### [Information supplied]
──────────
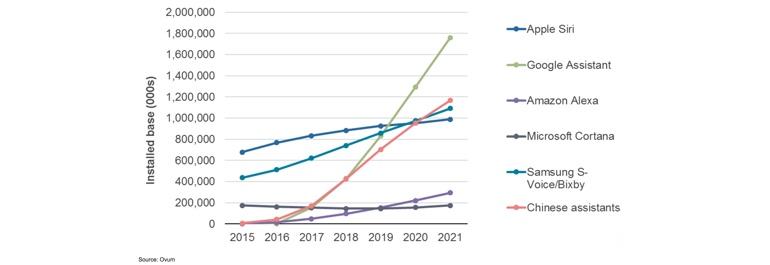 Per dare qualche cifra, Ovum ritiene che nel 2021 la distribuzione degli assistenti vocali vedrà Google Assistant al comando con il 23 percento circa di mercato, seguito da un terzetto posizionato intorno al 13-15 percento e composto dagli assistenti cinesi, da Bixby e da Siri. Più distanziati, intorno al 2-4 percento, Amazon Alexa e Microsoft Cortana.
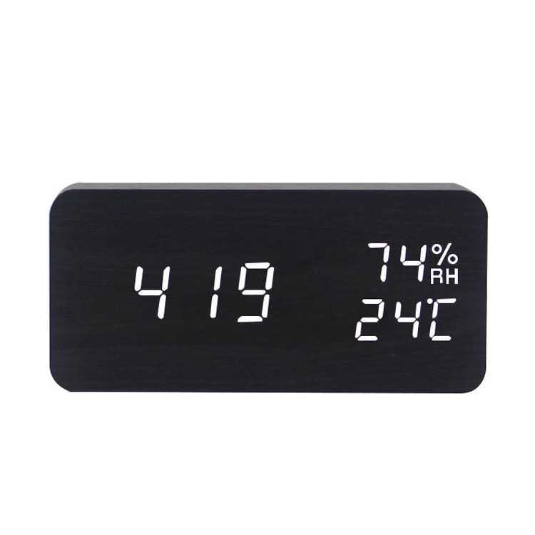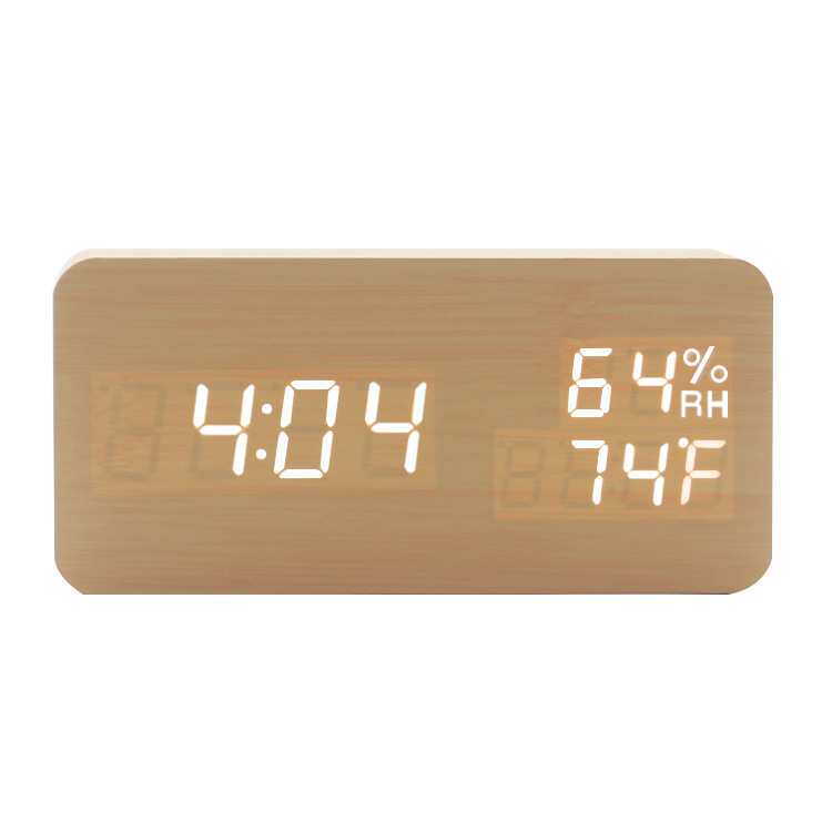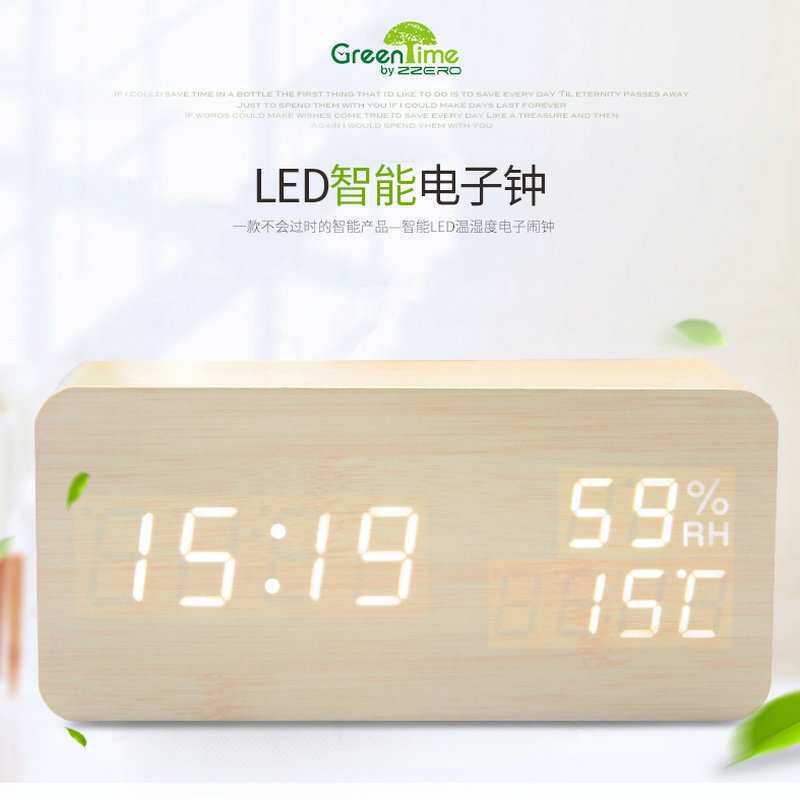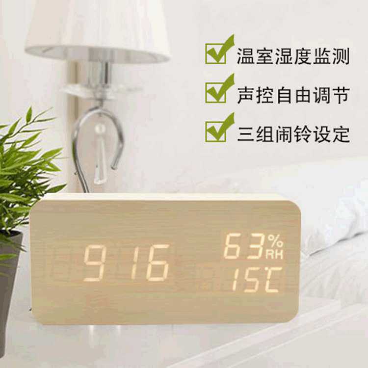厂家 新款创意电子闹钟 LED温湿度双显木头钟 时尚数字座钟
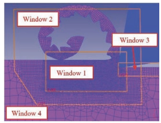 Figure 1. Windows that define the adaptive workpiece mesh.
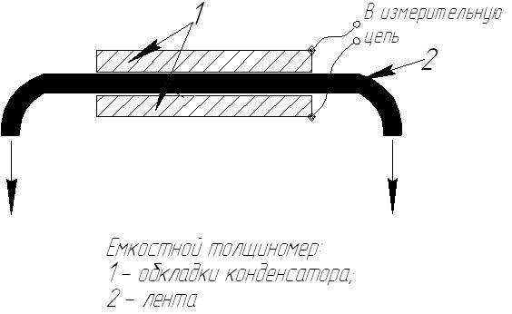 Емкостный преобразователь представляет собой конденсатор, емкость которого изменяется под действием измеряемой неэлектрической величины. В качестве емкостного преобразователя широко используют плоский конденсатор, емкость которого можно выразить формулой: Так как измеряемая неэлектрическая величина может быть функционально связана с любым из этих параметров, то устройство емкостных преобразователей может быть самым различным в зависимости от области применения. Толщиномер. На рис. представлен принцип действия емкостного толщиномера, измеряющего толщину ленты 2 из диэлектрика (например, резины).
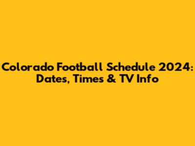 Colorado Football Schedule 2024: Dates, Times & TV Info
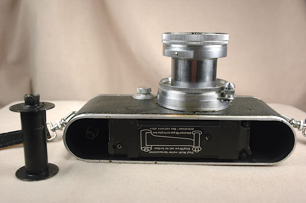 Every vintage camera fan needs a Leica IIIC rangefinder camera. The Leica brand is legendary for exceptional quality and innovation. The III series cameras brought 35mm photography into the forefront of popular and professional photography. Its famous screw-mount lenses were the top of the line and remain competitive in quality with modern lenses. Another fun aspect of these cameras is their gadgetry. There are dozens of add-ons you can find to do many different things with the Leica IIIC. Our Leica IIIC has been serviced, cleaned, lubed and adjusted. It comes with an original leather camera case, a leather neck strap and a viewfinder that we think is called the VIOOH. Our viewfinder helps you frame for the following Leica lenses 35mm, 50mm, 85mm, 90mm and 135mm. Our camera also comes with a 50mm Summitar collapsible lens. All of our sample photos were taken with this Leica IIIC and the Summitar lens. The lens has an aperture range of f2 to f16. The shutter speed ranges from 1/500th of a second to 1 second and a B/bokah setting. It also comes with an original film-uptake spool. Cosmetically, you can see cuts in the black leather and brassing on parts of the metal body. No dents and the structural integrity is excellent. We believe the camera and lens were made circa 1947. As color film was still quite a new thing at that time, the colors might be a bit off if you shoot modern 35mm color film through this vintage lens. However, it should shoot black-and-white film just as well as any camera. We shot a roll of Kodak XX film by metering with the classic “Sunny 16” guesstimating. If you are unfamiliar with the Leica IIIC, you will need to trim the film leader to properly load the camera. One of the Leica gadgets not included is called an ABLON, which helps to trim the film properly. Genuine ones are available online but are expensive. You can find some really good cheap ones that were 3D printed. The leather case is worn and poorly engraved with an indecipherable name. Please contact us with any questions.
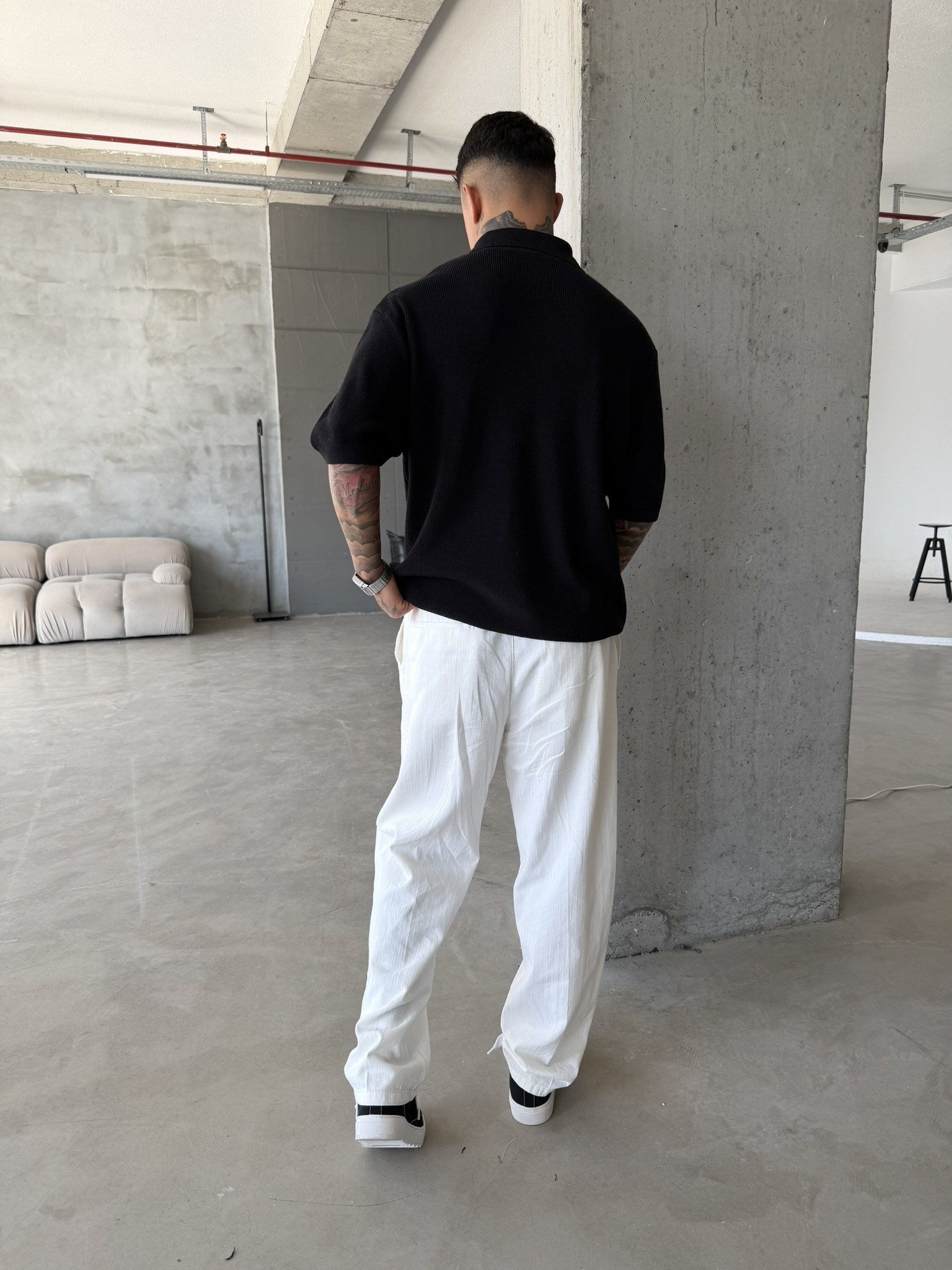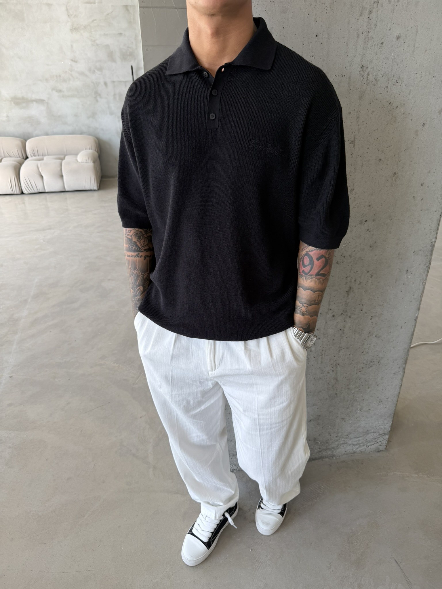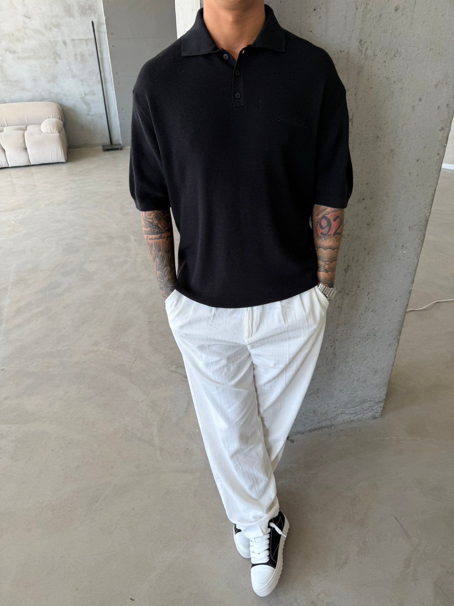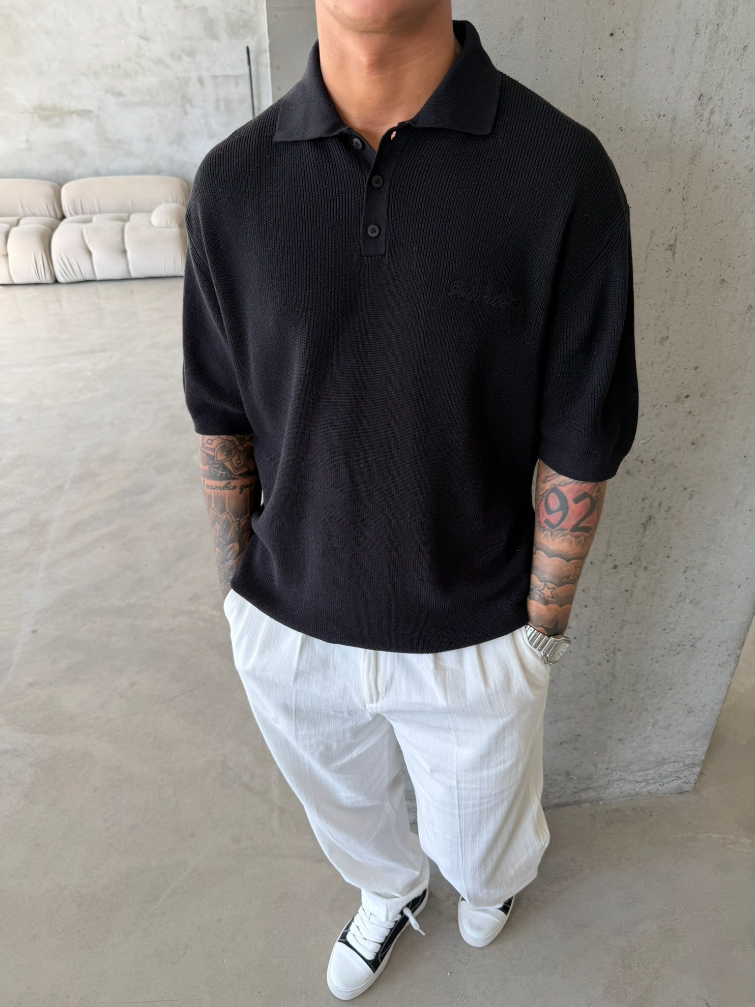 Nakışlı Dokulu Örme Polo T-Shirt - Siyah (TST.0176-Siyah-S)
──────────
### [Assignment]
Above are the records; reproduce them exactly and leave out the pictures.

### [Task result]
 Per dare qualche cifra, Ovum ritiene che nel 2021 la distribuzione degli assistenti vocali vedrà Google Assistant al comando con il 23 percento circa di mercato, seguito da un terzetto posizionato intorno al 13-15 percento e composto dagli assistenti cinesi, da Bixby e da Siri. Più distanziati, intorno al 2-4 percento, Amazon Alexa e Microsoft Cortana.
厂家 新款创意电子闹钟 LED温湿度双显木头钟 时尚数字座钟
 Figure 1. Windows that define the adaptive workpiece mesh.
 Емкостный преобразователь представляет собой конденсатор, емкость которого изменяется под действием измеряемой неэлектрической величины. В качестве емкостного преобразователя широко используют плоский конденсатор, емкость которого можно выразить формулой: Так как измеряемая неэлектрическая величина может быть функционально связана с любым из этих параметров, то устройство емкостных преобразователей может быть самым различным в зависимости от области применения. Толщиномер. На рис. представлен принцип действия емкостного толщиномера, измеряющего толщину ленты 2 из диэлектрика (например, резины).
 Colorado Football Schedule 2024: Dates, Times & TV Info
 Every vintage camera fan needs a Leica IIIC rangefinder camera. The Leica brand is legendary for exceptional quality and innovation. The III series cameras brought 35mm photography into the forefront of popular and professional photography. Its famous screw-mount lenses were the top of the line and remain competitive in quality with modern lenses. Another fun aspect of these cameras is their gadgetry. There are dozens of add-ons you can find to do many different things with the Leica IIIC. Our Leica IIIC has been serviced, cleaned, lubed and adjusted. It comes with an original leather camera case, a leather neck strap and a viewfinder that we think is called the VIOOH. Our viewfinder helps you frame for the following Leica lenses 35mm, 50mm, 85mm, 90mm and 135mm. Our camera also comes with a 50mm Summitar collapsible lens. All of our sample photos were taken with this Leica IIIC and the Summitar lens. The lens has an aperture range of f2 to f16. The shutter speed ranges from 1/500th of a second to 1 second and a B/bokah setting. It also comes with an original film-uptake spool. Cosmetically, you can see cuts in the black leather and brassing on parts of the metal body. No dents and the structural integrity is excellent. We believe the camera and lens were made circa 1947. As color film was still quite a new thing at that time, the colors might be a bit off if you shoot modern 35mm color film through this vintage lens. However, it should shoot black-and-white film just as well as any camera. We shot a roll of Kodak XX film by metering with the classic “Sunny 16” guesstimating. If you are unfamiliar with the Leica IIIC, you will need to trim the film leader to properly load the camera. One of the Leica gadgets not included is called an ABLON, which helps to trim the film properly. Genuine ones are available online but are expensive. You can find some really good cheap ones that were 3D printed. The leather case is worn and poorly engraved with an indecipherable name. Please contact us with any questions.
 Nakışlı Dokulu Örme Polo T-Shirt - Siyah (TST.0176-Siyah-S)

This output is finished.